# Southern Lower Michigan Open to ORV's On The Road?



## hitechman (Feb 25, 2002)

HB4925 was passed by the House, and is now in the Senate Natural Resources Recreation and "whatever committee". It basically makes all counties in the state "eligible" to pass their own ORV Regulations (including the south half of the lower penninsula).

If you guys/gals want to legally ride on the roadsides in those counties, contact your legislators and express your support. 

You may also want to let them know your feelings on the 300% fee increase for the "ORV Sticker) next year.

I'm not opposed to the fee increase, but feel it should be spread out over 2-3 years, and be ACCOUNTED for as to how/when and where it will be spent.

Steve


----------



## bucko12pt (Dec 9, 2004)

hitechman said:


> HB4925 was passed by the House, and is now in the Senate Natural Resources Recreation and "whatever committee". It basically makes all counties in the state "eligible" to pass their own ORV Regulations (including the south half of the lower penninsula).
> 
> If you guys/gals want to legally ride on the roadsides in those counties, contact your legislators and express your support.
> 
> ...


How much will the ORV sticker be next year?


----------



## wally-eye (Oct 27, 2004)

bucko12pt said:


> How much will the ORV sticker be next year?




Something like $45.........or there abouts...


----------



## bucko12pt (Dec 9, 2004)

wally-eye said:


> Something like $45.........or there abouts...


Wow, that's crazy.
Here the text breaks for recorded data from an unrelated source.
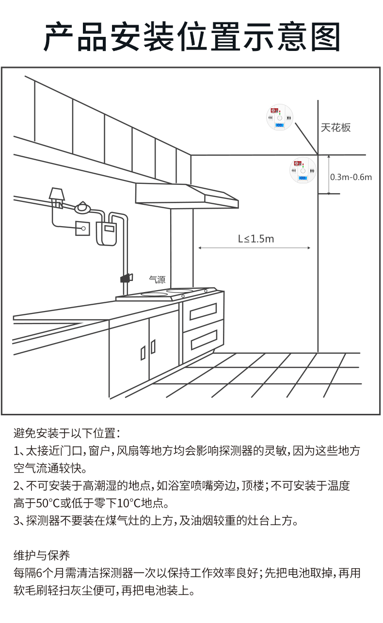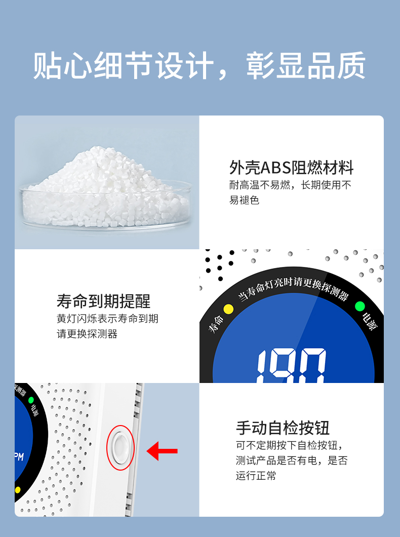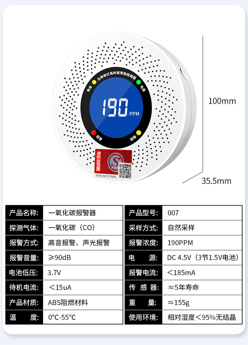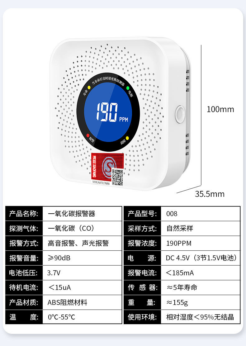 一氧化碳報警器(型號PA-009) 產品規格 功能特點 資料下載 一氧化碳報警器(型號PA-009)1.檢測氣體、燒煤、燒柴、燒炭、蜂窩媒、露營封閉環境、封閉車內2.85分貝報警音量3..LED液晶屏幕顯示4.故障自檢: 綠燈(正常)、黃燈 (故障、需要檢修) 紅燈(氣體濃度超標)5.報警方式:蜂鳴聲提示 6. 產品保險:1000萬承險7. ABS阻燃材質適用場景:適用于廚房、浴室、起居室、火鍋包廂、飯堂等長時間空氣不流通的場所安裝一氧化碳報警探測器
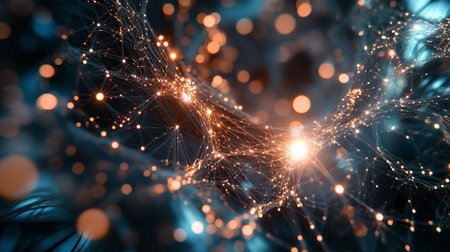 Complex web of interconnected nodes represents a neural network, glowing against a dark background.
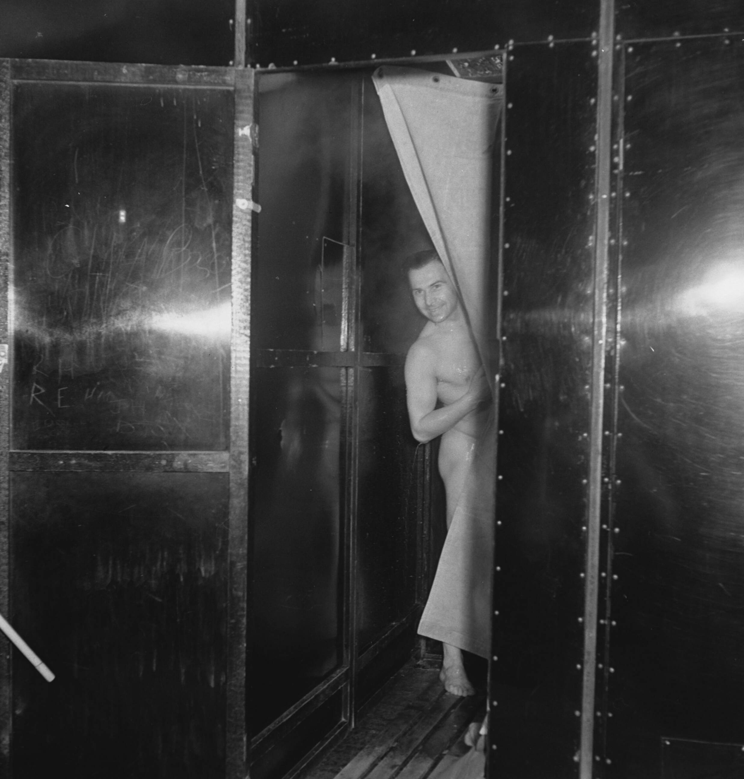 Oefening van frontsecties van het het Militair Gezag en het Vrouwen Hulp Korps in het administreren en toelaten van repatrianten in toekomstig bevrijd gebied. Een repatriant neemt een douche
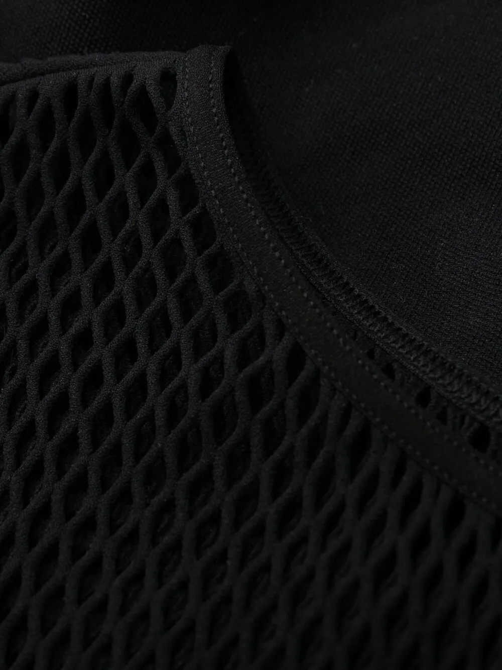 Сетчатые вставки, перфорация, круглый вырез и длинные рукава. Цвет: черный.
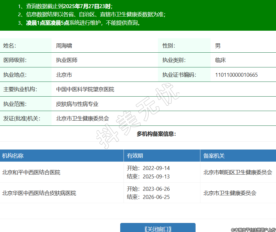 姓名:周海嘯性別:男醫(yī)師級(jí)別:執(zhí)業(yè)醫(yī)師執(zhí)業(yè)類(lèi)別:臨床執(zhí)業(yè)地點(diǎn):北京市執(zhí)業(yè)證書(shū)編碼:110110000010665主要執(zhí)業(yè)機(jī)構(gòu):中國(guó)中醫(yī)科學(xué)院望京醫(yī)院執(zhí)業(yè)范圍:皮膚病與性病專(zhuān)業(yè)發(fā)證(批準(zhǔn))機(jī)關(guān):北京市衛(wèi)生健康委員會(huì)多機(jī)構(gòu)備案信息:機(jī)構(gòu)名稱(chēng) 有效期 備案機(jī)關(guān) 北京和平中西醫(yī)結(jié)合醫(yī)院 開(kāi)始:2022-09-14結(jié)束:2025-09-13北京市朝陽(yáng)區(qū)衛(wèi)生健康委員會(huì) 北京華醫(yī)中西醫(yī)結(jié)合皮膚病醫(yī)院 開(kāi)始:2023-06-26結(jié)束:2026-06-25北京市衛(wèi)生健康委員會(huì) -

Small group of owners in the state, so not much protest, or fallout for them on election day.

Imagine if they did that to hunting licenses what the uproar would be?


----------



## hitechman (Feb 25, 2002)

Fee increase has not passed as of yet. Good chance that it will though.

Steve


----------



## FishinJoe (Dec 8, 2003)

I for one hope it doesn't pass. I buy my sticker only for the ice every year and that is a little steep for just a couple months. Also with my limited trail riding that I have done over the years I cannot see where any of that money goes.

Joe


----------